Dukkah Spiced Carrots

Prep. Time: 10 mins
Cook Time: 20 mins

A twist on a classic side dish, these carrots are a perfect pairing with your roast dinners.


  • 1 bunch new baby carrots, peeled & topped & tailed 
  • 1 tbsp olive  oil


  • 20g blanched hazelnuts 
  • 30g blanched almonds 
  • 1 tbsp cumin  seeds
  • 1 tbsp fennel seeds
  • 1 tbsp coriander seeds 
  • 2 tbsp sesame  seeds
  • 1 tbsp fresh thyme, leaves shredded from stalk 
  • 1 tsp sea  salt
  • ½ tsp black peppercorns


  1. Heat the oven to 180ºC / 160ºC fan / gas 4.
  2. Place the carrots in a roasting tin and drizzle over the olive oil. Roast in the centre of the oven for 20-30 minutes or until tender and slightly caramelised. Turn once or twice if needed.
  3. To make the Dukkah, mix together the hazelnuts, almonds, cumin seeds, fennel seeds, coriander seeds and sesame seeds. Spread over a baking tray and cook in the oven for 8 minutes until toasted but not too coloured.

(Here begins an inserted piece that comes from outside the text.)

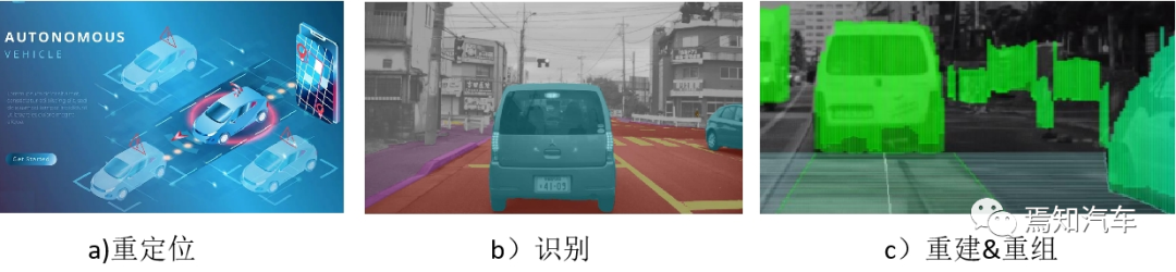 “場景重建”意味著從視頻序列推斷場景中的幾何體,包括車輛在場景中的位置?!耙刈R(shí)別”是一個(gè)術(shù)語,用于將語義標(biāo)簽附加到視頻圖像或場景的各個(gè)識(shí)別對(duì)象中,識(shí)別中包括各種不同的層次結(jié)構(gòu)?!白攒囍匦露ㄎ弧笔侵杠囕v相對(duì)于其周圍環(huán)境的位置識(shí)別和度量定位?!瓣P(guān)鍵目標(biāo)重組”是將重定位、識(shí)別、重建形成的三個(gè)組成部分信息重新整合成統(tǒng)一表示的方法。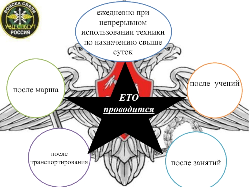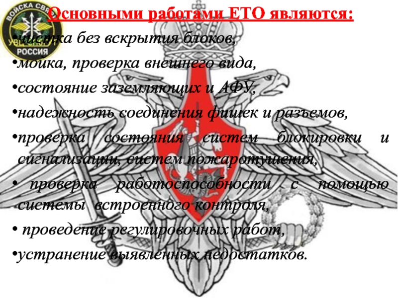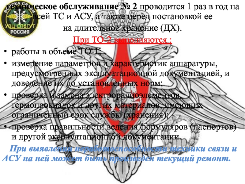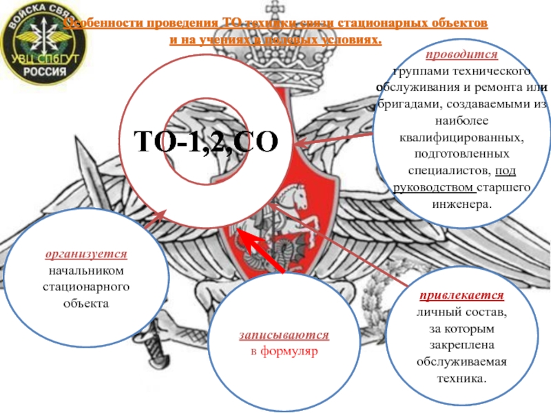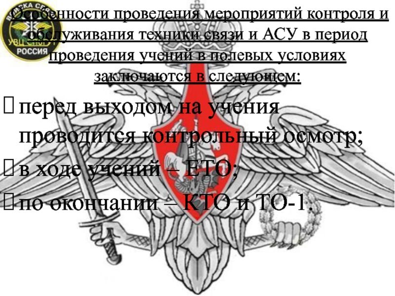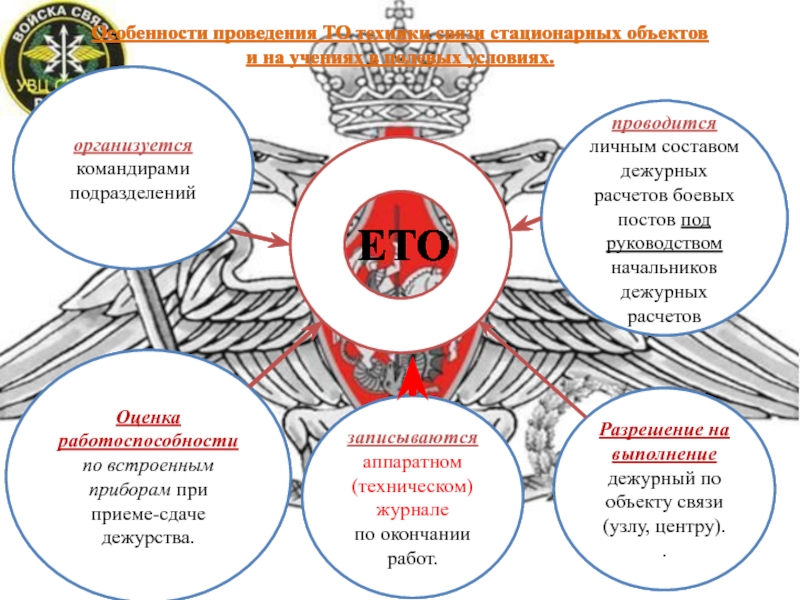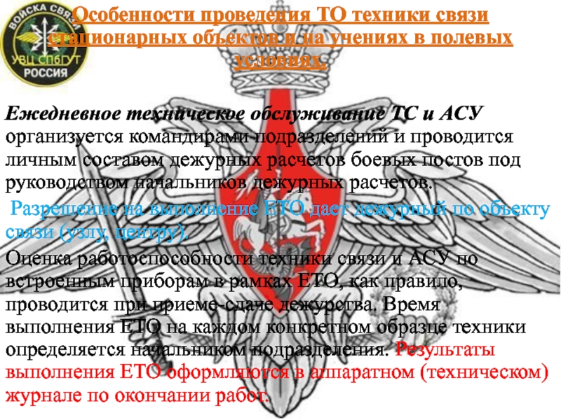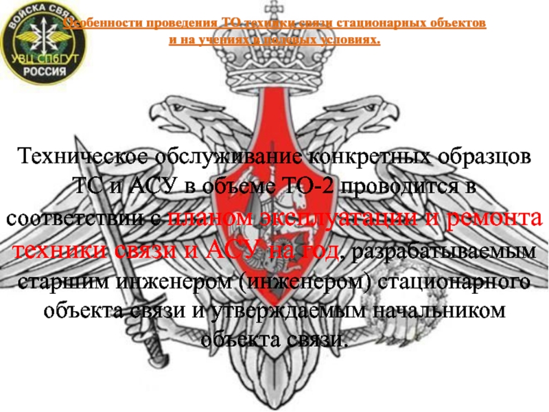Слайд 41Особенности проведения ТО техники связи стационарных объектов и на учениях

Remove and cool for a couple of minutes.
  4. Place the cooked spices into the Spice Grinder along with the thyme, sea salt and peppercorns and process until you have a crunchy mixture rather than a powder.
  5. Serve the carrots with a generous sprinkling of the Dukkah.Store any remaining mix in the grinding bowl sealed with the lid.